Moore Bethany M, Wang Peipei, Fan Pengxiang, Leong Bryan, Schenck Craig A, Lloyd John P, Lehti-Shiu Melissa D, Last Robert L, Pichersky Eran, Shiu Shin-Han
Department of Plant Biology, Michigan State University, East Lansing, MI 48824.
Ecology, Evolutionary Biology, and Behavior Program, Michigan State University, East Lansing, MI 48824.
Proc Natl Acad Sci U S A. 2019 Feb 5;116(6):2344-2353. doi: 10.1073/pnas.1817074116. Epub 2019 Jan 23.
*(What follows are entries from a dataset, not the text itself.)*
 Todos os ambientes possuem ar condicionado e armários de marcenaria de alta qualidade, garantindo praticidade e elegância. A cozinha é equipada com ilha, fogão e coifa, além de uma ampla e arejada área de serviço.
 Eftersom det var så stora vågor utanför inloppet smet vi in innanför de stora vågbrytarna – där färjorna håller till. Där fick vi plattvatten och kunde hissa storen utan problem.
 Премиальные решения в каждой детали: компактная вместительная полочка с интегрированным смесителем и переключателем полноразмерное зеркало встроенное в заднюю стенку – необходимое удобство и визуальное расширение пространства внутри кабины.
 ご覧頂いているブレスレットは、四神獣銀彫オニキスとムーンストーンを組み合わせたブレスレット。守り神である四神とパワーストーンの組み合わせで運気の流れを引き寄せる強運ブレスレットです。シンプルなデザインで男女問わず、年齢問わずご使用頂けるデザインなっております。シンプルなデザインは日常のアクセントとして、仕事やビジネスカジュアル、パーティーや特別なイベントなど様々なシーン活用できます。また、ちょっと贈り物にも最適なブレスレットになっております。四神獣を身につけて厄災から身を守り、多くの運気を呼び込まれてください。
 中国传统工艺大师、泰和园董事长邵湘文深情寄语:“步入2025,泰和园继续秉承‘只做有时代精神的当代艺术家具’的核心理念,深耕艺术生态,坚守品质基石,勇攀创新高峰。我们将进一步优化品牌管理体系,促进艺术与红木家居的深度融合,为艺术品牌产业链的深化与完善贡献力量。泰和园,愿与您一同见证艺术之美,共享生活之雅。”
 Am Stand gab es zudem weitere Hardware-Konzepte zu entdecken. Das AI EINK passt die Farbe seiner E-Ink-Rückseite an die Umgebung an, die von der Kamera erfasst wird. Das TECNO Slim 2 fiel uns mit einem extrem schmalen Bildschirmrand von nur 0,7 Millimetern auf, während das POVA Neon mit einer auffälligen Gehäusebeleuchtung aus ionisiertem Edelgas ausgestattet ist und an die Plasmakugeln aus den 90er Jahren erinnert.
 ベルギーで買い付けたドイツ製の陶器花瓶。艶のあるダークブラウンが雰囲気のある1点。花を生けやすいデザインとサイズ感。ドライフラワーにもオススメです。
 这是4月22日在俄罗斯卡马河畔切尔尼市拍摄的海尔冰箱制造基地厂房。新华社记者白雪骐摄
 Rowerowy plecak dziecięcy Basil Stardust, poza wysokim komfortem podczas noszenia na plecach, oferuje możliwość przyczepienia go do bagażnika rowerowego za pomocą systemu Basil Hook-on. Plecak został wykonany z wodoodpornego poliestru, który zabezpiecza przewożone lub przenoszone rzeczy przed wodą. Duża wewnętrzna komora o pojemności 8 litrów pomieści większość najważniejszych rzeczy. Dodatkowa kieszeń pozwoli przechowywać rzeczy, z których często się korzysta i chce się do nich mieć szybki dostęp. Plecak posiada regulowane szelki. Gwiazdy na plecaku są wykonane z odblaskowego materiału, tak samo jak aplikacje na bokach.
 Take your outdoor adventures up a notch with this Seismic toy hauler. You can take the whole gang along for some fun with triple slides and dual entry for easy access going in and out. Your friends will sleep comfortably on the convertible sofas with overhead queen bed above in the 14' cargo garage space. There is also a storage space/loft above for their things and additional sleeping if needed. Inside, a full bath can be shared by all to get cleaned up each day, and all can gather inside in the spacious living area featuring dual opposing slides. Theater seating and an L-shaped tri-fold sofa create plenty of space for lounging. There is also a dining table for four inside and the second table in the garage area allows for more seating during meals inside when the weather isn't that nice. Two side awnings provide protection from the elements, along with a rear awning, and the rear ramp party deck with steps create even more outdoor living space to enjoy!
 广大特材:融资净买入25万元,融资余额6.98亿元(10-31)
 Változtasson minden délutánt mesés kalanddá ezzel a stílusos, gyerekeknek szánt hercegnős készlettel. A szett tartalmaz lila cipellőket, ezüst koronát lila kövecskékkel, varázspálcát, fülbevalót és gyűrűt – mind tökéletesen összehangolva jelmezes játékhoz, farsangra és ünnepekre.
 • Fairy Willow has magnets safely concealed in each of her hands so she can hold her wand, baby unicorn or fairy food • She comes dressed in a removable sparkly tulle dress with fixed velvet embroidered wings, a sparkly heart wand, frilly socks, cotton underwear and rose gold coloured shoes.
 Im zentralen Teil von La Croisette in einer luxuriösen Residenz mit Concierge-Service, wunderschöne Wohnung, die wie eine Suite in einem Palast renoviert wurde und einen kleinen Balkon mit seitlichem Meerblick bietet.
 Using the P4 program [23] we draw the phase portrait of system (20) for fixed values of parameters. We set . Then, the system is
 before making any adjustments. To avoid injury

Plant specialized metabolism (SM) enzymes produce lineage-specific metabolites with important ecological, evolutionary, and biotechnological implications. Using as a model, we identified distinguishing characteristics of SM and GM (general metabolism, traditionally referred to as primary metabolism) genes through a detailed study of features including duplication pattern, sequence conservation, transcription, protein domain content, and gene network properties. Analysis of multiple sets of benchmark genes revealed that SM genes tend to be tandemly duplicated, coexpressed with their paralogs, narrowly expressed at lower levels, less conserved, and less well connected in gene networks relative to GM genes. Although the values of each of these features significantly differed between SM and GM genes, any single feature was ineffective at predicting SM from GM genes. Using machine learning methods to integrate all features, a prediction model was established with a true positive rate of 87% and a true negative rate of 71%. In addition, 86% of known SM genes not used to create the machine learning model were predicted. We also demonstrated that the model could be further improved when we distinguished between SM, GM, and junction genes responsible for reactions shared by SM and GM pathways, indicating that topological considerations may further improve the SM prediction model. Application of the prediction model led to the identification of 1,220 genes with previously unknown functions, each assigned a confidence measure called an SM score, providing a global estimate of SM gene content in a plant genome.
植物特殊代谢(SM)酶产生具有重要生态、进化和生物技术意义的谱系特异性代谢产物。以 为模型,我们通过对包括复制模式、序列保守性、转录、蛋白质结构域含量和基因网络特性等特征的详细研究,确定了SM和GM(一般代谢,传统上称为初级代谢)基因的区别特征。对多组基准基因的分析表明,相对于GM基因,SM基因倾向于串联重复,与其旁系同源基因共表达,表达水平较低且范围较窄,保守性较差,在基因网络中的连接性也较差。尽管这些特征在SM和GM基因之间的每一个值都有显著差异,但任何单个特征都无法有效地从GM基因中预测SM基因。使用机器学习方法整合所有特征,建立了一个预测模型,其真阳性率为87%,真阴性率为71%。此外,86%未用于创建机器学习模型的已知SM基因也被预测出来。我们还证明,当我们区分负责SM和GM途径共享反应的SM、GM和连接基因时,该模型可以进一步改进,这表明拓扑学考虑可能会进一步改进SM预测模型。预测模型的应用导致鉴定出1220个功能未知的基因,每个基因都被赋予一个称为SM分数的置信度度量,从而对植物基因组中的SM基因含量进行全局估计。